Joh 11,11-14: Dies sprach er, und danach sagt er zu ihnen: Lazarus, unser Freund, ist eingeschlafen; aber ich gehe hin, um ihn aufzuwecken. Da sprachen die Jünger zu ihm: Herr, wenn er eingeschlafen ist, wird er geheilt werden. Jesus aber hatte von seinem Tod gesprochen; sie aber meinten, er rede von der Ruhe des Schlafes. Dann nun sagte ihnen Jesus geradeheraus: Lazarus ist gestorben; und ich bin froh um euretwillen, dass ich nicht dort war, damit ihr glaubt; aber lasst uns zu ihm gehen! Da sprach Thomas, der Zwilling genannt wird, zu den Mitjüngern: Lasst auch uns gehen, dass wir mit ihm sterben!

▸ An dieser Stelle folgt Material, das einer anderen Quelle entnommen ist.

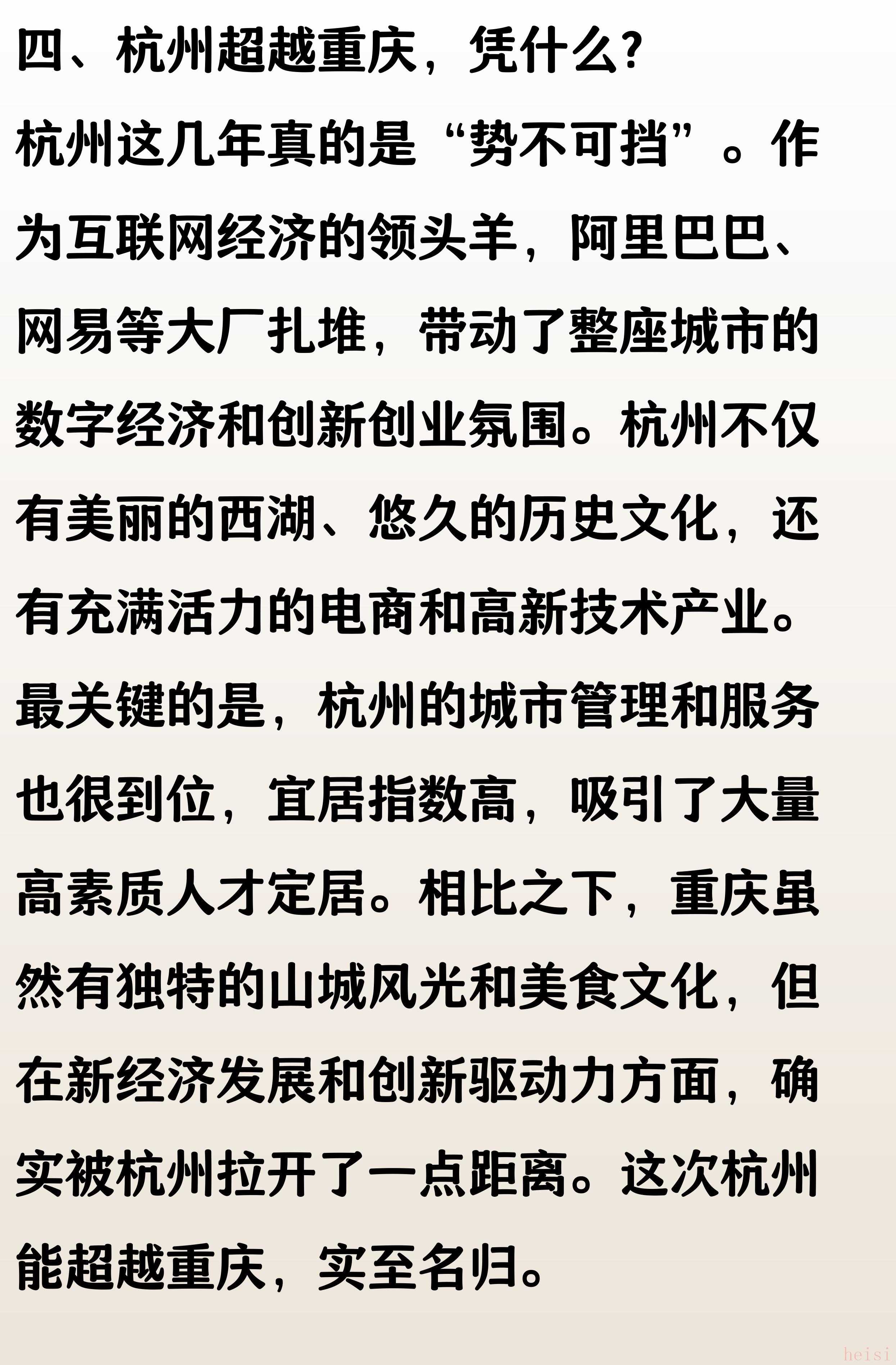 3. 杭州超重慶:這句話表明在某個(gè)評(píng)價(jià)體系或調(diào)查中,杭州的城市品牌影響力超過(guò)了重慶。

„Lazarus, unser Freund“, sagt Er, indem Er sich in rührender Weise mit ihnen einsmacht in den Empfindungen für ihn – „Lazarus, unser Freund, ist eingeschlafen, und ich gehe hin, auf dass ich ihn aufwecke“ (Joh 11,11). Die Jünger verstehen Ihn nicht, und so sagt Er ihnen „gerade heraus“, dass Lazarus tot sei, dass Er aber „froh“ sei um ihretwillen, dass Er nicht dort war. „Lazarus ist gestorben, und ich bin froh …“ – wie widerspruchsvoll! Wahrlich, Fragen, Unverständlichkeiten überall! Wie sollen wir die Handlungsweise des Herrn in diesem Falle verstehen?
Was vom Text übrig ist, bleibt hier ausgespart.